As of 1 February, North Macedonia has begun applying a revised framework for purchasing electricity used to offset losses in the national transmission network. The updated system, introduced under the country’s Energy Law, marks a shift in how the transmission system operator secures energy required to maintain grid balance.
The electricity transmission system operator MEPSO has already completed its first procurement cycle under the new rules, covering the February-March 2026 delivery period. Officials explained that the redesigned model positions MEPSO as a more active market participant, both legally and commercially, particularly regarding electricity acquisition for technical loss compensation. The regulatory adjustments were developed transparently to ensure equal treatment of all eligible market participants.
A key change is the introduction of multi-segment daily procurement, allowing purchases to align more closely with actual hourly loss patterns. This method improves forecasting accuracy, strengthens planning, and reduces overall financial exposure. Suppliers benefit as well, gaining flexibility to submit bids only for the periods in which they have available generation capacity.
Another major modification is the removal of the modulation coefficient, previously limiting participation for certain suppliers.

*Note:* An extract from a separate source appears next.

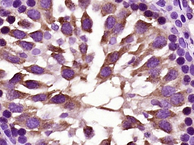 Paraformaldehyde-fixed, paraffin embedded (Rat testis); Antigen retrieval by boiling in sodium citrate buffer (pH6.0) for 15min; Block endogenous peroxidase by 3% hydrogen peroxide for 20 minutes; Blocking buffer (normal goat serum) at 37°C for 30min; Antibody incubation with (Fbx15) Polyclonal Antibody, Unconjugated (bs-8396R) at 1:400 overnight at 4°C, followed by operating according to SP Kit(Rabbit) (sp-0023) instructionsand DAB staining.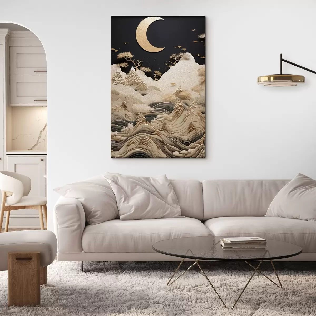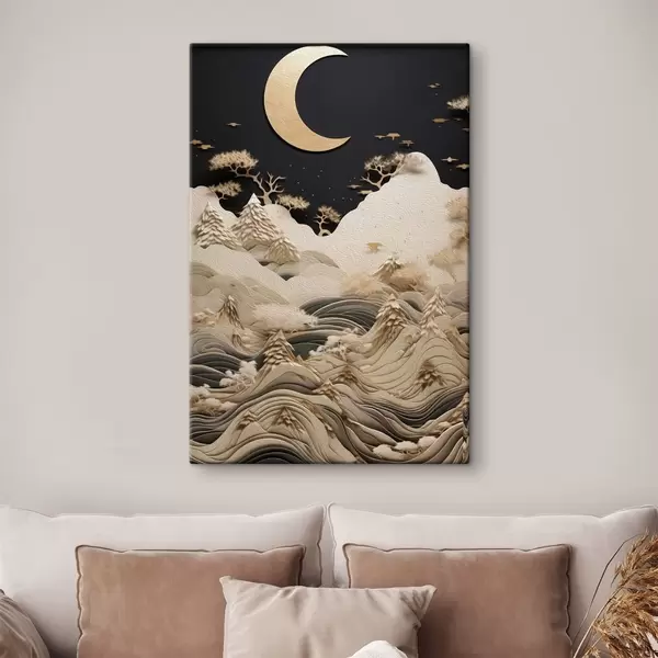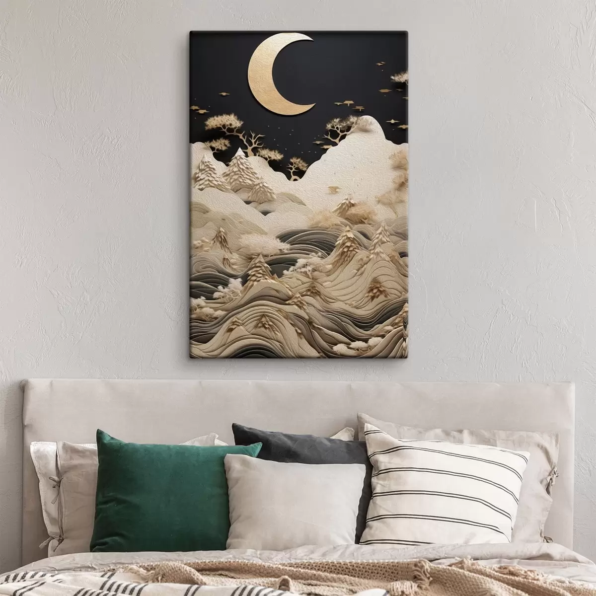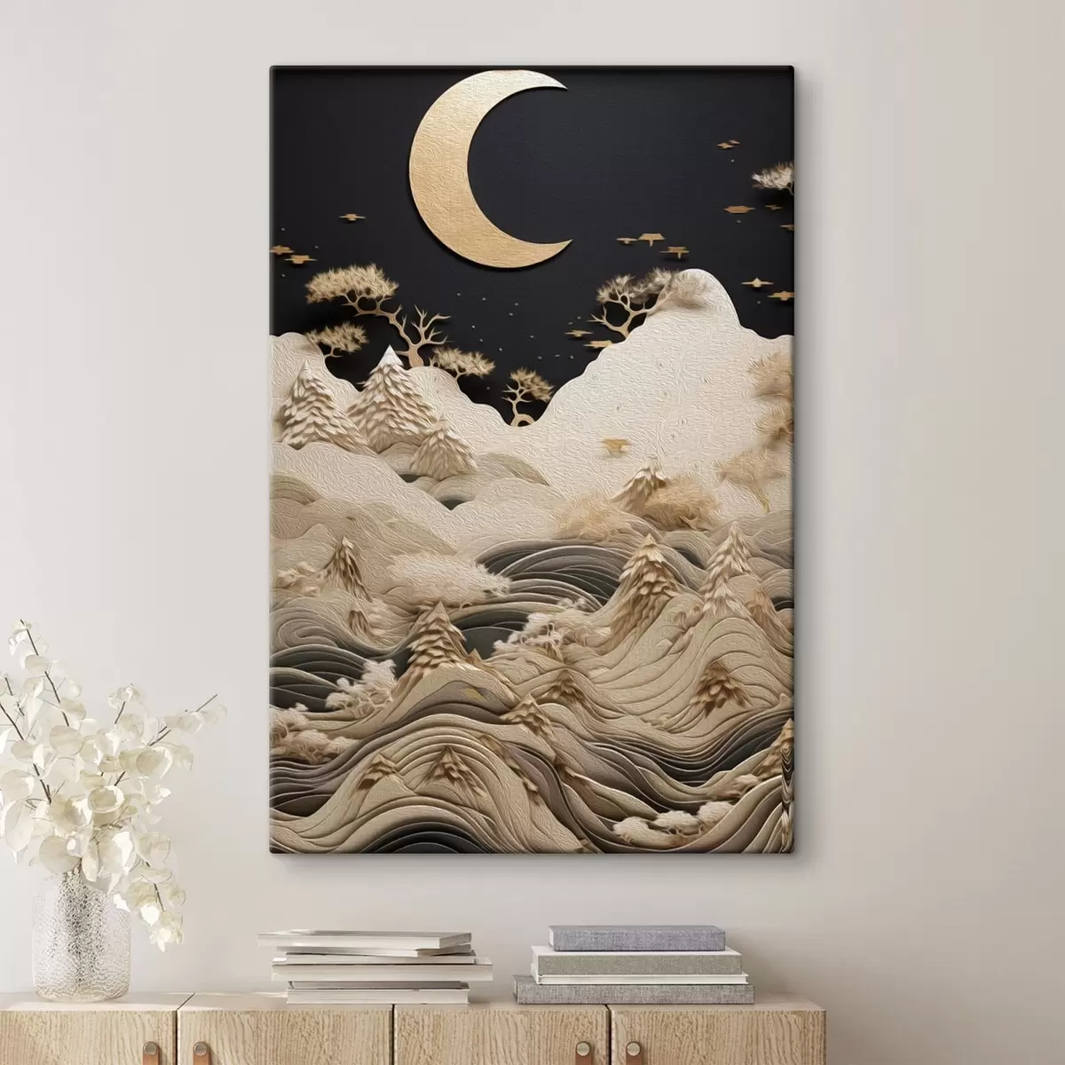 Gemälde Stilisierte Berge und Bäume unter einem Mond Art. s47300

Eliminating this restriction broadens market access and enables more adaptable bidding structures. Additionally, the minimum bid threshold has been lowered to 1 MW, opening opportunities for smaller domestic producers to compete in tenders. By allowing companies to offer volumes reflecting actual production and for chosen timeframes, the system encourages wider participation and enhances market competitiveness.
Once bids are submitted, MEPSO ranks them based on offered prices and quantities for each time segment. Contracts are awarded from the most economically advantageous offers, expressed in euros/MWh, until the required energy volume for each period is fully secured.
According to MEPSO, the new framework provides both operational and financial benefits, including improved flexibility in managing network losses, more precise planning, increased supplier participation, and reduced imbalance costs. Early results indicate measurable savings: electricity prices achieved in the first procurement under the revised rules were approximately 10% lower in February and 4% lower in March compared with the same months in 2025.